Question:

Consider the circuit shown below. A 12V battery is connected to a resistor with resistance R, and the resistor is in series with an unknown component X. The current passing through the circuit is measured as 2A.

1. Determine the equivalent resistance of the circuit.
2. Calculate the power dissipated by the resistor.
3. Determine the values of resistance R and component X.

Answer:

1. To determine the equivalent resistance of the circuit, we need to consider that resistors in series add up. Since we only have one resistor in series with the component X, the equivalent resistance can be calculated as follows:

   Req = R + RX
   

2. The power dissipated by a resistor can be calculated using the formula:

   P = I^2 * R
   

   where I is the current passing through the resistor and R is the resistance. In this case, the current passing through the resistor R is 2A. So, the power dissipated by the resistor can be calculated as:

   P = (2A)^2 * R
   

3. To determine the values of resistance R and component X, we need to use the equations derived from Kirchhoff's laws. First, we will calculate the resistance values.

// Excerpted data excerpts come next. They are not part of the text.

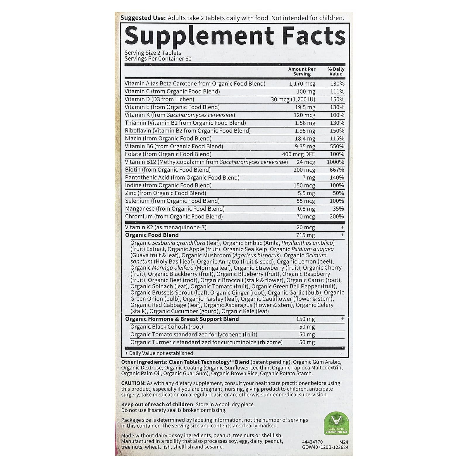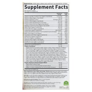 Multivitamínico Integral orgânico certificado, verificado como Não OGM e feito com alimentos reais e nutritivos.
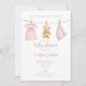 Diese süße Einladung zur Babyparty enthält eine hübsche rosa Babykleiderleine und kann mit Ihren Details in stilvoller Typografie personalisiert werden. Die Rückseite enthält Ihr besonderes Foto und einen QR-Code für die Geschenkeliste. Entworfen von Thisisnotme
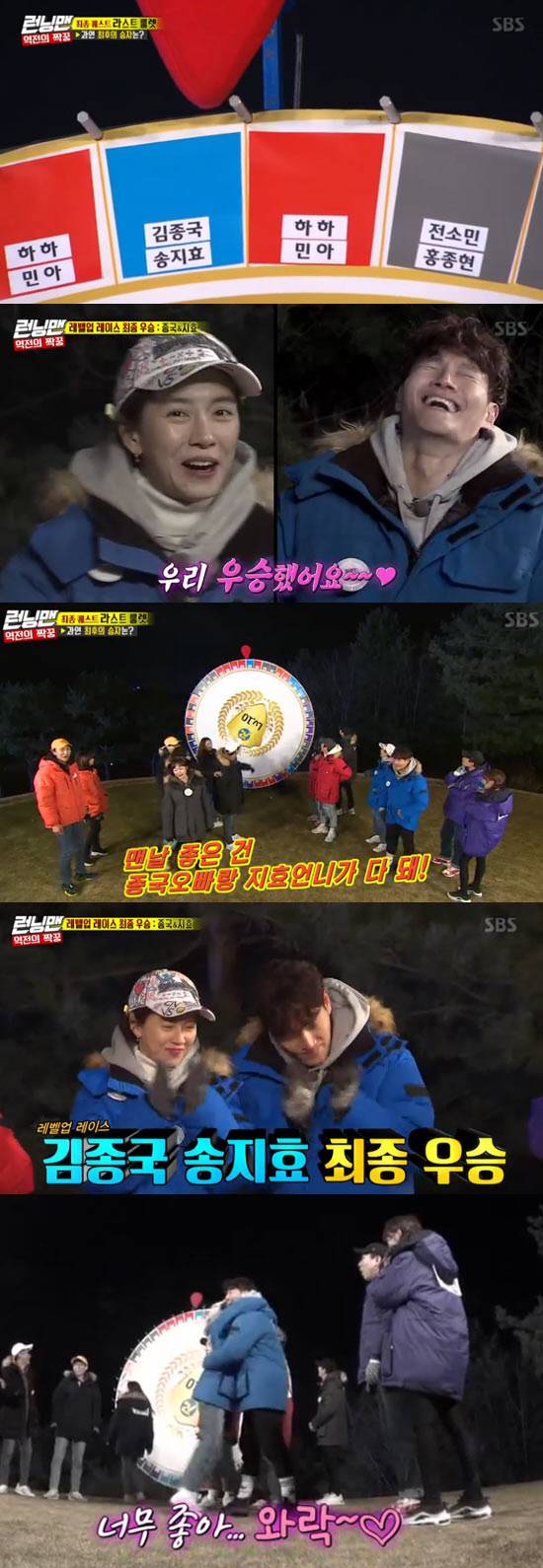 반전은 가장 마지막에 일어났다. 김종국 송지효 커플이 적은 이름표를 붙이고도 우승을 차지했다. 룰렛의 화살표가 그 사이에 붙은 두 사람의 표식인 파란색에 멈추자 모두가 놀랐다.
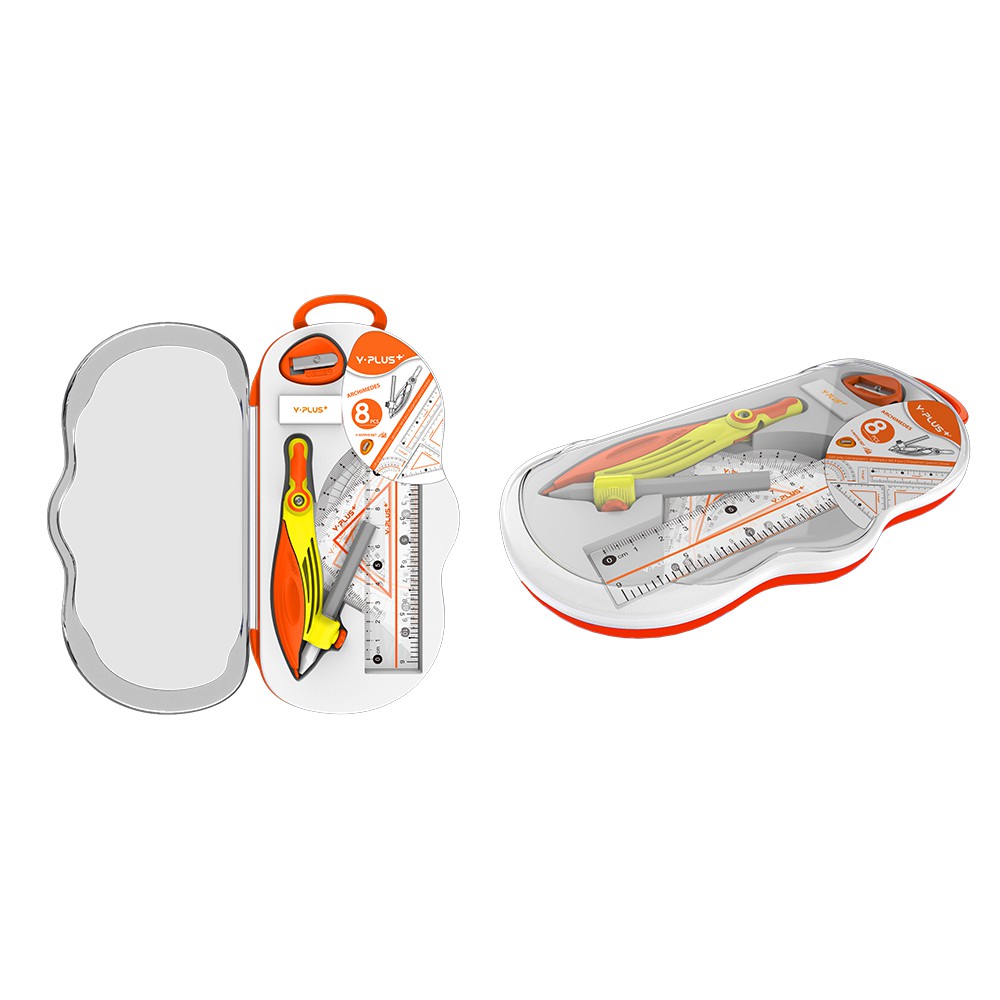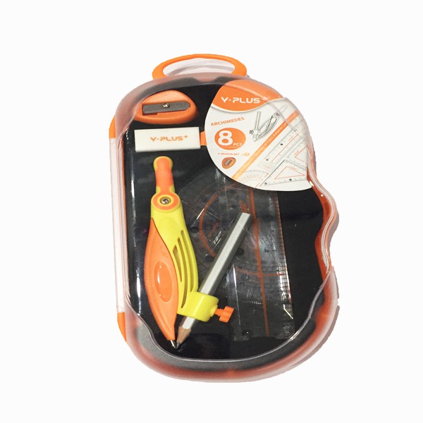 - Bao gồm: 1 compas,1 bút chì gỗ nhỏ gắn vào compas, 1 gôm, 1 chuốt, 1 thước dài 15 cm, thước eke, thước đo độ.
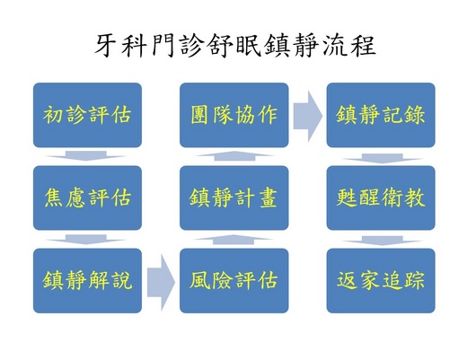 從2011年9月1日起,我先為當代牙科門診鎮靜第一梯次培訓班的牙醫和護士助理們,開啟了如下的十堂課:(一)Patient assessment and treatment planning-ASA分級,焦慮評估,適切的鎮靜計劃與評估指標;(二)Emergency medicine and management in dentistry-設備與人力,BLS/ACLS急救團隊與後送;(三)Anatomy, physiology, principles of pharmacology-鎮靜狀態下的呼吸、吞嚥與保護機制其常用鎮靜藥物學理;(四)IV setting & TCI/propofol Demo-靜脈留置針與TCI/propofol不同鎮靜深度示範操作;(五)Monitoring and assessment of vital signs-生理監視器裝置與資料判讀;(六)Inhalation N2O and midazolam via intranasal & intravenous routes Demo-鼻吸笑氣與鼻滴/靜脈注射midazolam與拮抗劑(flumazenil)操作示範;(七)Alternative sedation techniques-牙科門診操作TCI/propofol的鎮靜學理與侷限;(八)Relative Analgesia-NSAIDs (非類固醇抗發炎劑)& narcotics (麻啡類止痛藥)在牙科門診鎮靜的適應症與禁忌;(九)Paediatric sedation techniques-學齡前兒童牙科鎮靜案例示範;(十)Communication among dental sedation team staffs-牙科門診鎮靜團隊的溝通與協作。目的是為了讓牙醫診所的醫護同仁瞭解牙科門診鎮靜的整個流程(圖上)。此外,我也為Abc牙醫聯盟開辦牙科門診鎮靜的基礎班-四堂課,內容參照當代培訓班的第(一)、(二)、(三)和(五)堂。

   Using Kirchhoff's voltage law (KVL), the sum of the voltage drops across the resistor R and component X should be equal to the battery voltage:

   VR + VX = V
   R * I + RX * I = V
   

   Substituting the given values V = 12V and I = 2A, we get:

   2R + 2RX = 12
   

   Next, let's combine this equation with the equivalent resistance equation:

   Req = R + RX
   

   We can now substitute the value of Req into the previous equation:

   2(Req - RX) + 2RX = 12
   2Req = 12
   Req = 6Ω
   

   Now we have an equation with only one variable RX:

   6 = RX
   RX = 6Ω
   

   Therefore, the resistance R is 0Ω and the resistance of component X is 6Ω.

   • Resistance R: 0Ω
   • Resistance of component X: 6Ω

   It is important to note that a resistor with zero resistance represents a perfect conductor, meaning it has negligible resistance.